When they checked back with the couples some months later, they found that the ones who were broken up earliest were those in which one of the partners showed little interest in the other's good news.

This, in turn, seems to suggest that if you want your relationship to flourish, you would be very wise to indulge in a bit of ooohing and aaahing when herself recites her triumphs, major and minor.

And everybody has their triumphs. It could be a promotion, making a sale, besting a colleague at work, getting a refund for that bottle of wine that tasted like a mouse died in it, rescuing the clothes off the line just before it rains, beating the traffic by finding a shortcut - the list really is endless.

Some of those triumphs may seem to merit no more than a shrug. But what the research suggests is that if we are willing to share in our partner's good fortune, even in trivial matters, then our relationship will be strengthened. And if we are unresponsive, we may pay for it sooner than we think.

And, guys, here is why this could really pay off: when females get into an animated, supportive, conversation they get a surge of oxytocin, a hormone involved in affection and intimacy.
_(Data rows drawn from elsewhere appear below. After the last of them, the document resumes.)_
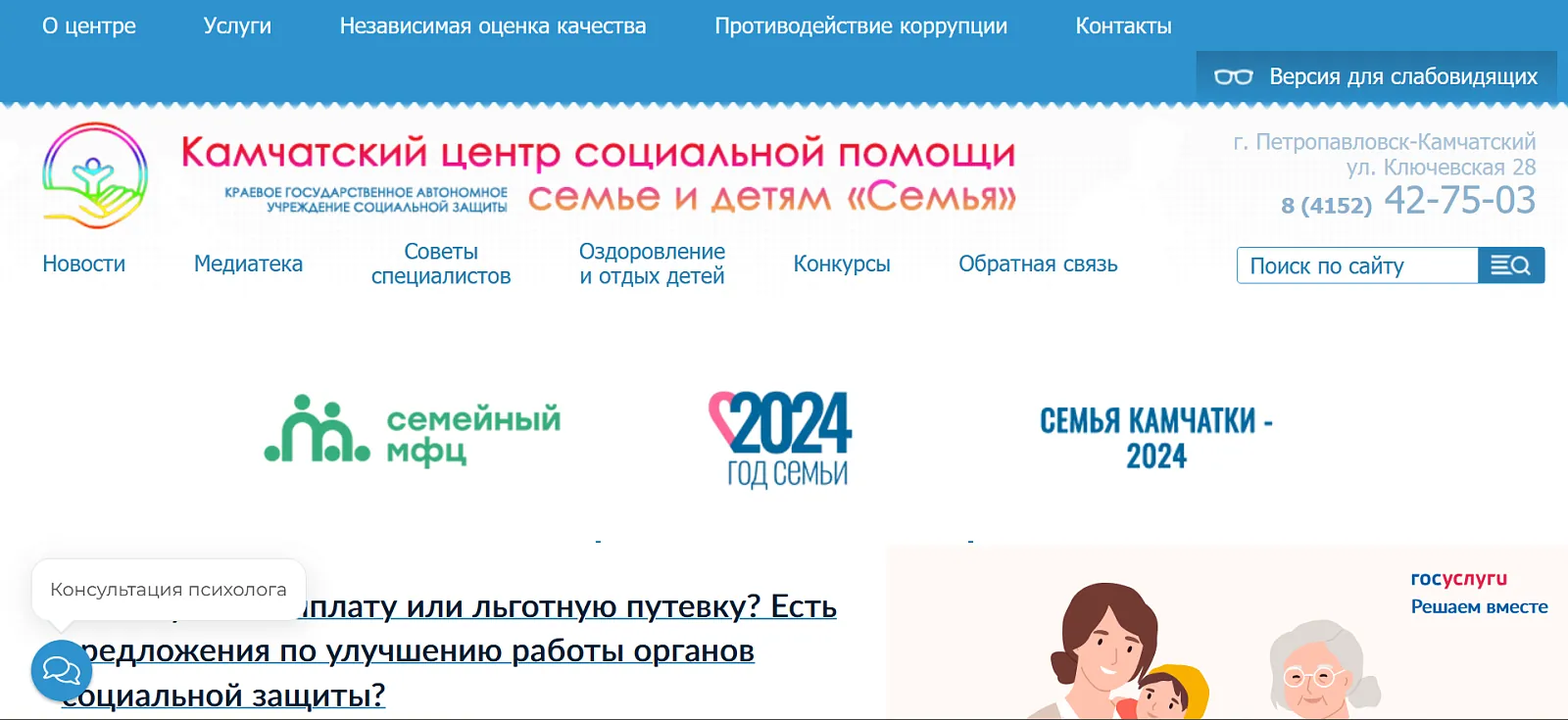 Поработали с довольно старым сайтом Камчатского центра социальной помощи. Обновили 1С-Битрикс до последней версии, перевели сайт с устаревшей кодировки windows-1251 в UTF-8, что отказывались делать многие разработчики, предлагая просто сделать новый сайт.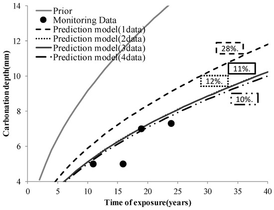 The prior prediction of carbonation depth using design variables was updated according to the different numbers of on-site data. Figure 5 shows prior prediction and updated prediction models as increasing numbers of inspection data in the Gajwa IC viaduct.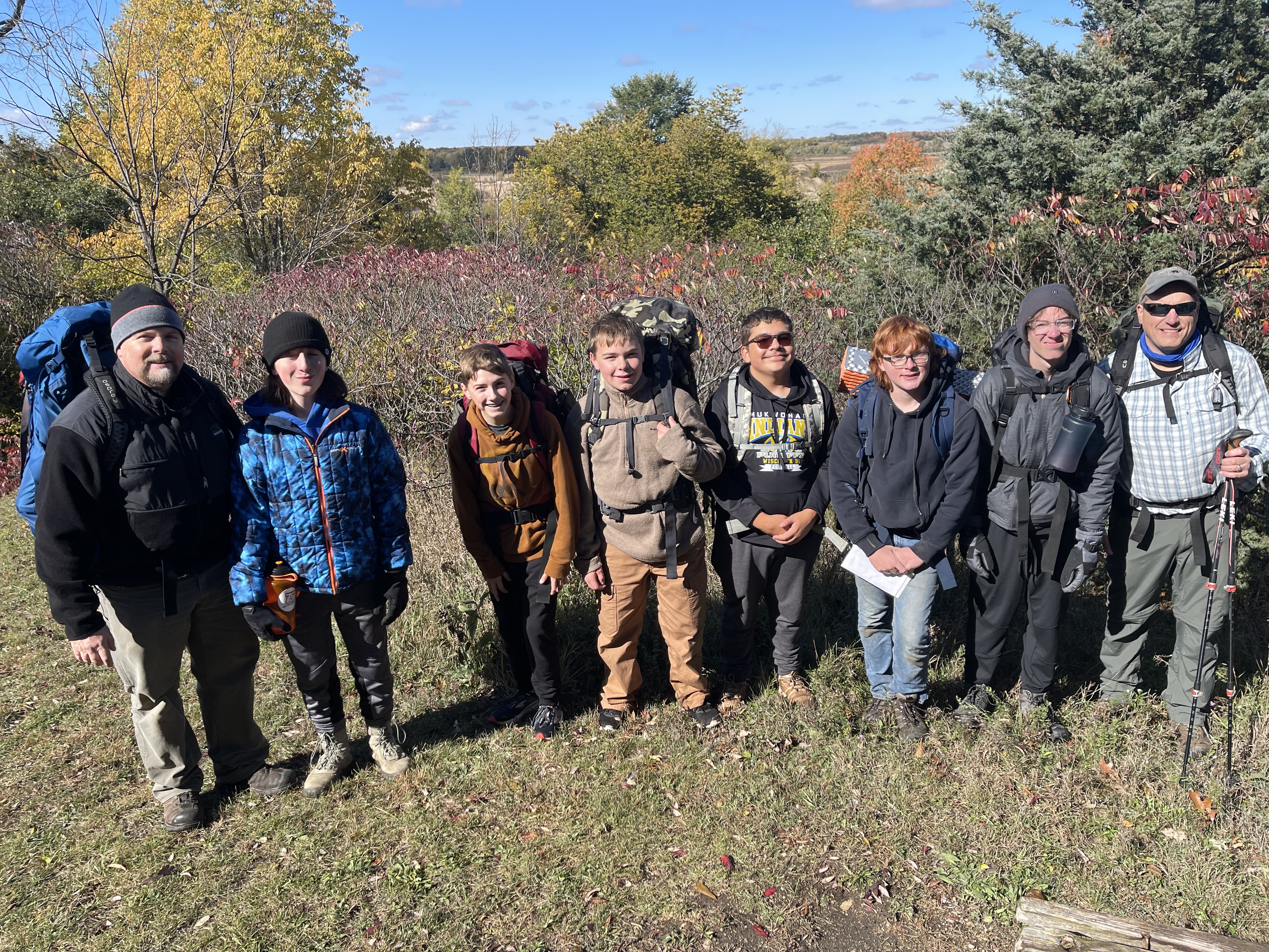 How do you prepare for High Adventure? Well, the 2023 Philmont Crew along with some other fellow Scouts from Troop 152 planned and then took a 2-night trip to Wadewitz Park on a on a fall preparation hike. As fall in Wisconsin is always changing, they enjoyed, rain, sleeping in temps below freezing, and a beautifully sunny but brisk day to set out on a 5-mile hike carrying full packs. Upon returning to camp, they enjoyed a campfire and sampled some of their cooking as they worked to prepare some dehydrated back packing meals. Come early spring in 2023 until their trip in June they plan on getting in several more trips to get ready for their trip to Philmont in June of 2023.

It's to do with the way their brains develop in the womb. They basically get a kick out of conversation that the male of the species just does not get. That, in turn, is to do with the way the male brain develops in the womb. (You can read more about this in a new book called The Female Brain by Dr Louann Brizendine who directs the Women's Mood & Hormone Clinic at the, yes, University of California.)

What this means is that if you get into a supportive conversation about your mate's little and big triumphs, you are not only engaging in a relationship-building exercise but you are also giving her a nice little chemical surge of oxytocin. You are The Man, yes.

So now you know where that old concept of "chatting her up" came from and why it works often enough for us hunter-gatherers to go on doing it.

But men like to be praised too, ladies. Some enthusiastic recognition of our triumphs over colleagues, commuters, tough customers, etc will get you a long, long way. And if we pretend we don't care, just don't believe us. Some wise person once said words to the effect that "he who turns away praise is seeking to be praised twice".

In a psychological theory called transactional analysis, this sort of thing is called "stroking", which has nothing to do with Fianna Fáil. It refers to all those opportunities you have to acknowledge somebody else and have them acknowledge you. A little praise, even a smile, a wave or a nod can provide some much-needed stroking and help people to feel good.

So try it out over Christmas and see what happens. Do a little stroking and wait for her to purr.

Padraig O'Morain is a journalist and counsellor accredited by the Irish Association for Counselling and Psychotherapy.